East St. Louis may hold the distinction of being the most failed city in the country.  These days the only people living there are those who cannot escape, and they are subjected to subhuman living conditions that should bring shame to us all. Residents suffer from multiple threats: air pollution from the chemical plants in nearby Sauget; lead, arsenic and mercury deposits in the soil from decades of industrial pollution; overflowing sewers that often back up into playgrounds, back yards and residents’ kitchen sinks; sporadic to nonexistent trash collection; an unbelievably high crime rate; and schools staffed by permanent substitute teachers earning only $10 grand a year.  Today the city is 98% black, a fact that allows most people in the area to shrug and roll their eyes, as if to say, “Whaddaya expect?” Interstate highways encircle the city, allowing anyone traveling east or west, north or south, to completely bypass the city with nothing but a brief glimpse of abandoned streets and factories.
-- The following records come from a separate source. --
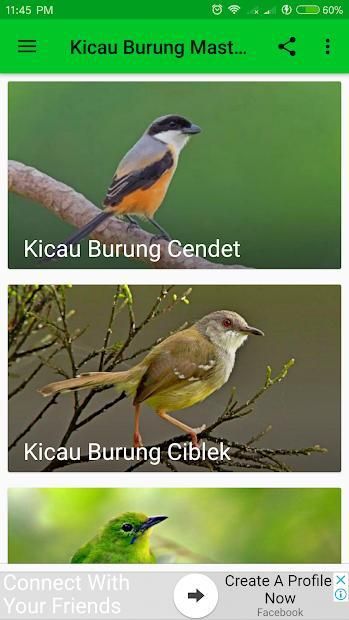 1. Kicau Burung Masteran Lengkap berisi 50+ audio kicau burung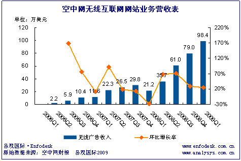 空中網第一季度移動無線互聯(lián)網網站營收為98萬美元,同比增長309%,比上一季度增長24%?罩芯W在kong.net品牌優(yōu)勢明顯的基礎上不斷推出優(yōu)質的體育內容,繼NBA、CBA后,空中網于2009年初與體壇傳媒簽訂合作關系,獲得傳媒電信增值業(yè)務的獨家授權,同時取得體壇傳媒旗下8刊一網的全部內容版權。易觀國際認為,優(yōu)質的體育資源將為空中網帶來與之相關的大量廣告主資源。
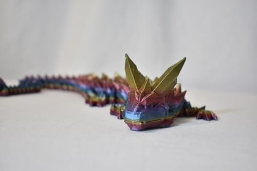 Drakoryx Prime este dragonul suprem din colecția Drakoryx. Cu dimensiunea XL și un design articulat impresionant, acest dragon 3D imprimat este o piesă de impact, creată pentru cei care caută ceva cu adevărat spectaculos. Fiecare segment este flexibil, iar detaliile atent realizate îi oferă un aspect puternic și realist. Ideal ca obiect de colecție, decor premium sau cadou memorabil.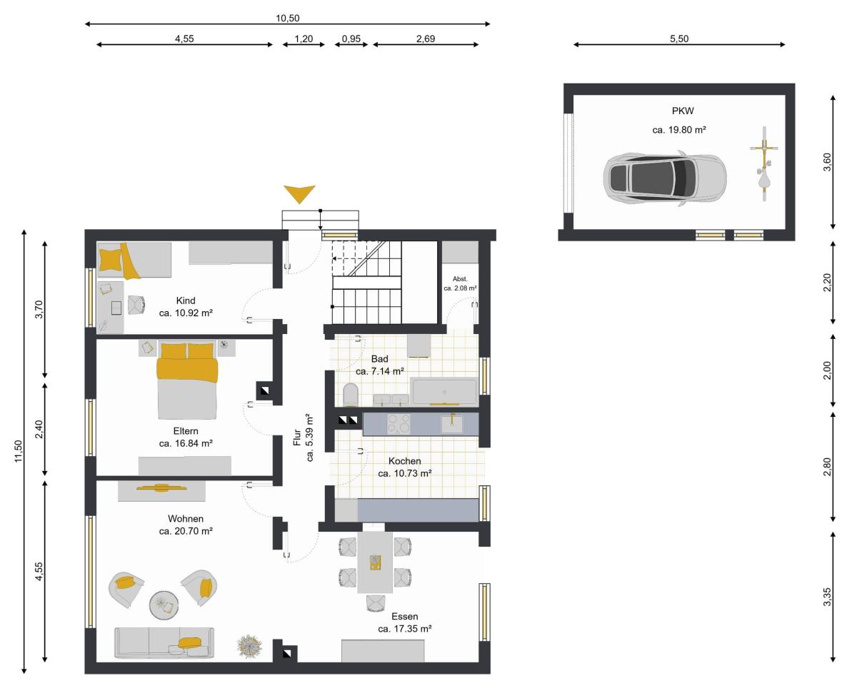 Die Aufteilung im Haus ist wie folgt: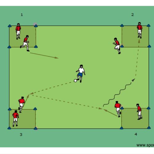 - the defender passes a ball to any of the other three players and all of them become attackers to make 3 v 2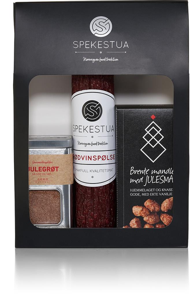 Gavepakke med smak av jul. Pakken inneholder krydder til julegrøt, brente mandler og Spekestua rødvinspølse.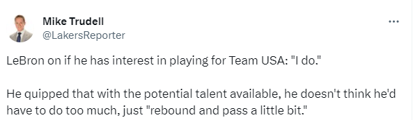 在湖人媒体日上,谈到是否愿意为美国男篮出战巴黎奥运会,詹姆斯表示:我愿意。我确实对征战巴黎有很大的兴趣。当然,这赛季我在湖人这里也有很多事要忙。但我确实很有兴趣代表美国男篮出战巴黎。众所周知,我有过为美国队出战的履历,我们美国这里也有很多优秀的球员。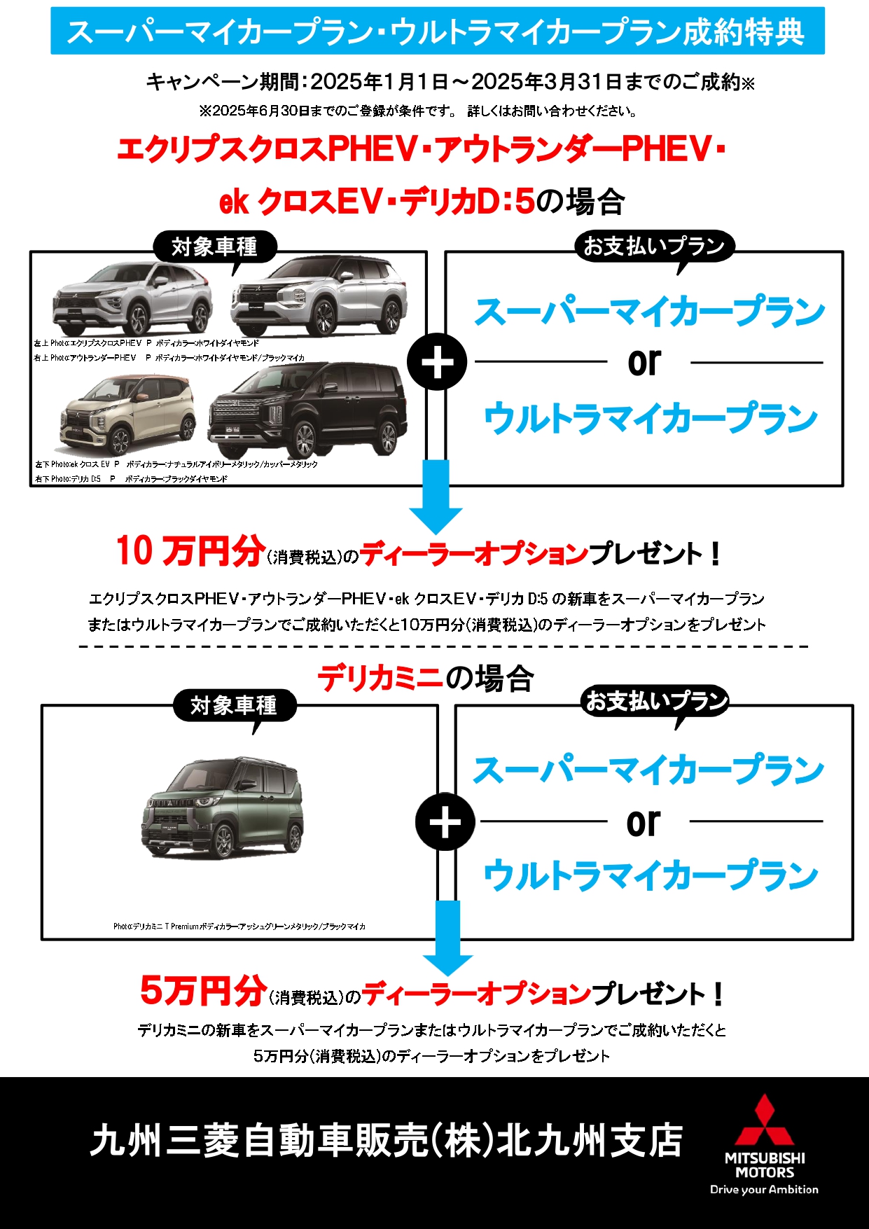 【車種限定】残クレまたはリースのご契約でオプションプレゼント/九州三菱自動車販売(株)北九州支店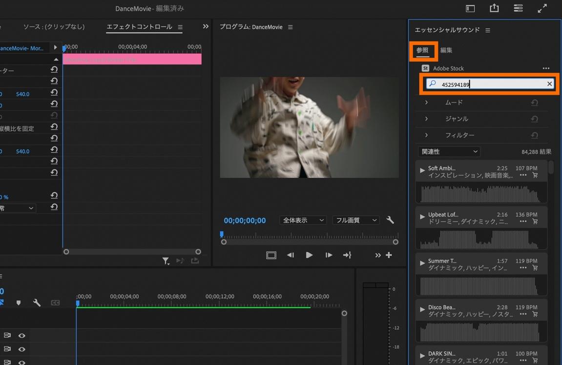 「エッセンシャルサウンドパネル」から「参照」のタブを選択し、お好きな楽曲を選びます。

It is impossible to talk about East St. Louis without talking about race, but the story is much more complicated than that, because this is a city that was failing even when it was succeeding, inasmuch as the seeds of its ultimate demise were planted from the very beginning.

To understand East St. Louis you need to go back to the late 1800’s. East St. Louis occupies a wide swath of Mississippi River bottom land directly opposite the City of St. Louis, and despite the fact that it was prone to frequent flooding, it had river and rail access and, with the Southern Illinois coal fields nearby, it was attractive for industrial development. Back in the 1800’s it was heavy industry that fueled the growth of the large cities in the Northeast and Midwest.  Industry back in those days was coal powered, and the more affluent residents of the cities had no desire to live near smokestacks belching a constant stream of black smoke.  East St. Louis being separated from St. Louis by a state line guaranteed that the City of St. Louis would never annex the area and thereby subject its businesses to stricter pollution controls. The State of Illinois and county governments encouraged the growth of industrial suburbs, allowing corporations to form their own towns.  These company towns could establish their own taxes, conveniently exempting their own factories from property taxes, and could dump whatever toxic wastes they wanted, not having to answer to any independent local government. The East Side is full of these towns.  Granite City was incorporated by a couple of brothers who formed a kitchen supplies company; Sauget was incorporated by Monsanto; Alorton was incorporated by the Aluminum Ore Company (ALCOA); Hartford was incorporated by International Shoe; Wood River and Roxana were incorporated by Standard Oil and Shell Oil, respectively. East St. Louis was the largest of these industrial suburbs, and for a time the most successful, but unlike some of the smaller municipalities, it was not a one company town; there were many industries and factories within its boundaries.  Nonetheless, the same pro-industry tax structure existed in the city, and for a time, there were enough residents and small businesses to provide adequate revenues.  That, however, did not prevent the city leaders from siphoning off plenty of cash to line their own pockets, as the city government was created in such a way as to allow political corruption to flourish. Politicians also enriched themselves by turning a blind eye to prostitution and gambling within the city limits. It seems most large cities have to have some place for the stalwart citizens of the city to go to get down and dirty, and the East Side was (and is) that place for St. Louisans.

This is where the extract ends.